Apparently several Bush advisors, including (and likely, especially) Cheney decided to "test the constitution" by using military troops to make arrests of a group of men suspected of working with Al Qaeda in 2002.
And hey! Everyone's favorite Justice Dept enablers John Yoo and Alberto Gonzalez are part of our cast of characters!
Some of the advisers to President George W. Bush, including Vice President Dick Cheney, argued that a president had the power to use the military on domestic soil to sweep up the terrorism suspects, who came to be known as the Lackawanna Six, and declare them enemy combatants.
Mr. Bush ultimately decided against the proposal to use military force.
A decision to dispatch troops into the streets to make arrests has few precedents in American history, as both the Constitution and subsequent laws restrict the military from being used to conduct domestic raids and seize property.
The Fourth Amendment bans “unreasonable” searches and seizures without probable cause. And the Posse Comitatus Act of 1878 generally prohibits the military from acting in a law enforcement capacity.

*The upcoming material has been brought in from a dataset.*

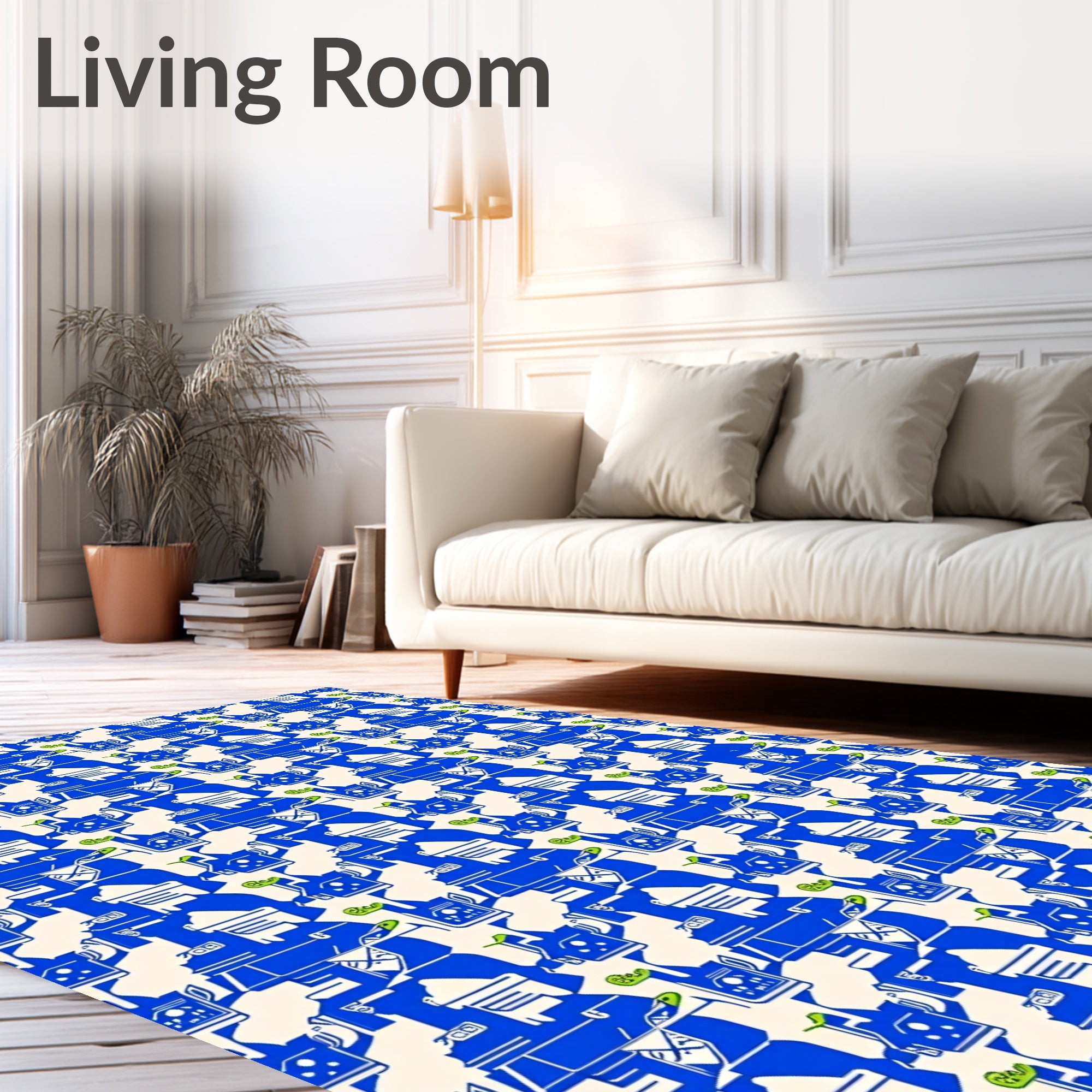 Ultra Soft Area Rug, Non Slip, Stain Resistant, Washable Area Rugs for Living Room, Bedroom, Highland Countryside Boxed Decorative Statement(Blue) Overview:

In the discussions, Mr. Cheney and others cited an Oct. 23, 2001, memorandum from the Justice Department that, using a broad interpretation of presidential authority, argued that the domestic use of the military against Al Qaeda would be legal because it served a national security, rather than a law enforcement, purpose.
“The president has ample constitutional and statutory authority to deploy the military against international or foreign terrorists operating within the United States,” the memorandum said.
The memorandum — written by the lawyers John C. Yoo and Robert J. Delahunty — was directed to Alberto R. Gonzales, then the White House counsel, who had asked the department about a president’s authority to use the military to combat terrorist activities in the United States.
The memorandum was declassified in March. But the White House debate about the Lackawanna group is the first evidence that top American officials, after the attacks of Sept. 11, 2001, actually considered using the document to justify deploying the military into an American town to make arrests.
How do people take these individuals, look at what they did, and then say that the current administration is somehow the ones who are looking to abuse governmental power, and limit individual rights, and hate the Constitution?
While I'm not surprised at the attempts to abuse the rights and trample on the liberties of people by these parties, given their track record that keeps coming to light, the extent to which they were willing to go, and the lengths of near-totalitarianism they were willing to go to are frightening -- surpassed only by the horrifyingness of the people willing to turn a blind eye to their attempts in the name of ideology.